**DATA SECTION**
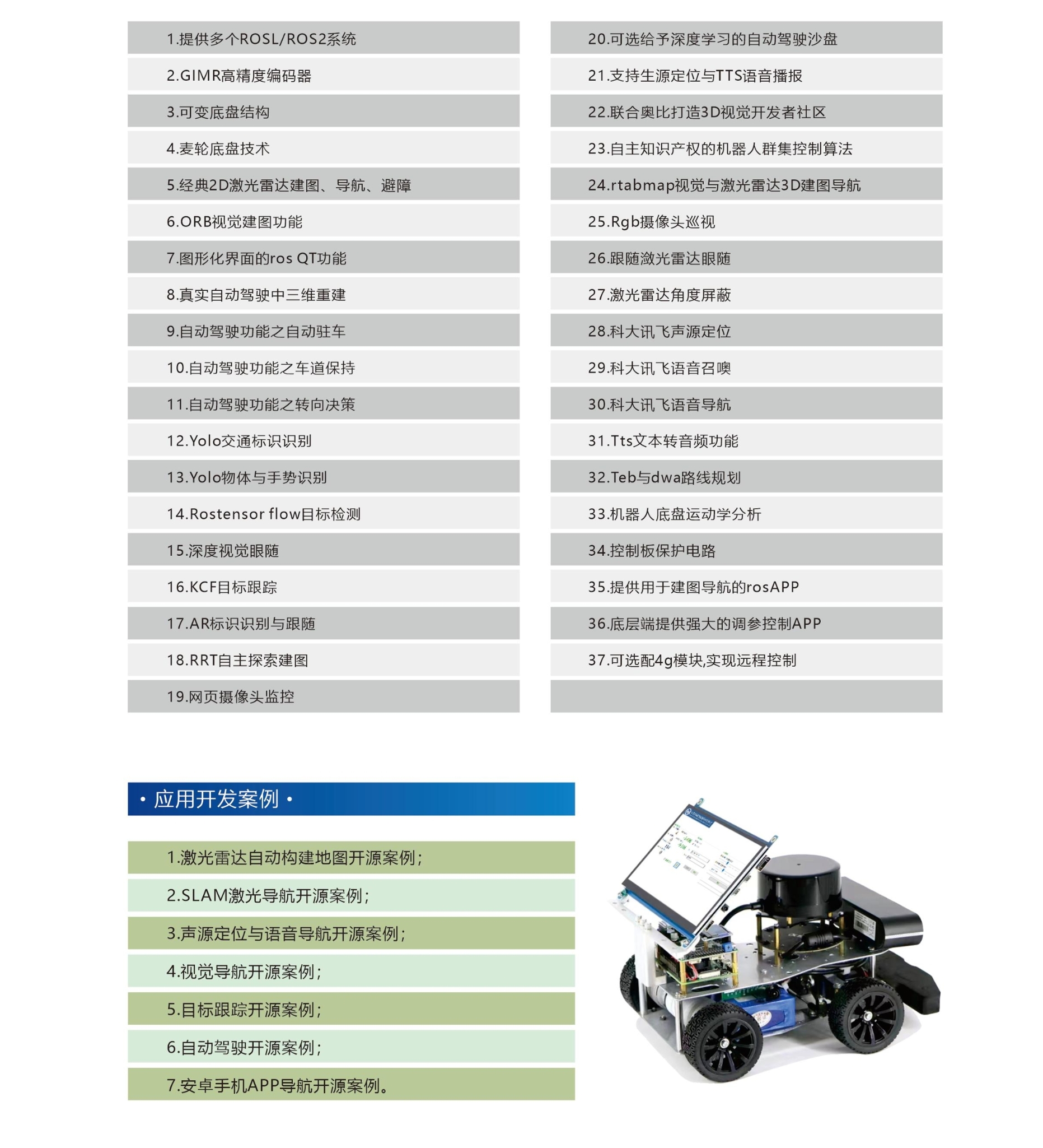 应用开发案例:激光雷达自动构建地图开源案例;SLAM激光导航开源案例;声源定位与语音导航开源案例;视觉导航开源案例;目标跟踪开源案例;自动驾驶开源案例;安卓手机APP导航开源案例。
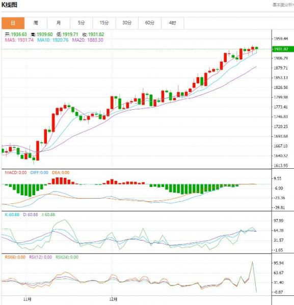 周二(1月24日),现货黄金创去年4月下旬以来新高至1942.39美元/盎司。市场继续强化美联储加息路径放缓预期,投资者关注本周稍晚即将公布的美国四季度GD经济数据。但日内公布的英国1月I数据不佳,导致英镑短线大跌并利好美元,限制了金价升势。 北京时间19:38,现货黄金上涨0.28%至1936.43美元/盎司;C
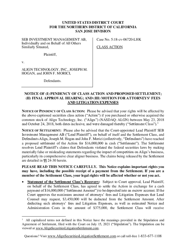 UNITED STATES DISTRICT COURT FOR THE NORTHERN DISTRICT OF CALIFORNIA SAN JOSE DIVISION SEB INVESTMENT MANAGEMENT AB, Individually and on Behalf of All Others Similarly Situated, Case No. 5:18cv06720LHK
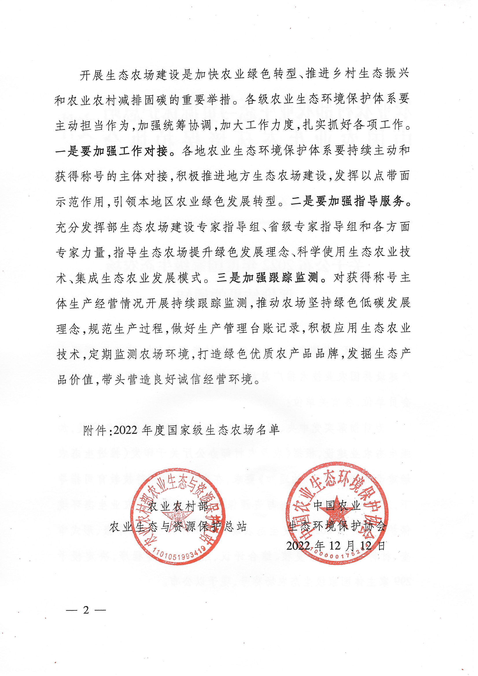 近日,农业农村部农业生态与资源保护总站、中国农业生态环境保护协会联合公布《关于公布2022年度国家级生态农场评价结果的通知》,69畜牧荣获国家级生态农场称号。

**WHAT YOU WILL DO**
Every line above should be returned word for word, with the pictures left behind.

**SOLUTION FOR THIS EXERCISE**
 应用开发案例:激光雷达自动构建地图开源案例;SLAM激光导航开源案例;声源定位与语音导航开源案例;视觉导航开源案例;目标跟踪开源案例;自动驾驶开源案例;安卓手机APP导航开源案例。
 周二(1月24日),现货黄金创去年4月下旬以来新高至1942.39美元/盎司。市场继续强化美联储加息路径放缓预期,投资者关注本周稍晚即将公布的美国四季度GD经济数据。但日内公布的英国1月I数据不佳,导致英镑短线大跌并利好美元,限制了金价升势。 北京时间19:38,现货黄金上涨0.28%至1936.43美元/盎司;C
 UNITED STATES DISTRICT COURT FOR THE NORTHERN DISTRICT OF CALIFORNIA SAN JOSE DIVISION SEB INVESTMENT MANAGEMENT AB, Individually and on Behalf of All Others Similarly Situated, Case No. 5:18cv06720LHK
 近日,农业农村部农业生态与资源保护总站、中国农业生态环境保护协会联合公布《关于公布2022年度国家级生态农场评价结果的通知》,69畜牧荣获国家级生态农场称号。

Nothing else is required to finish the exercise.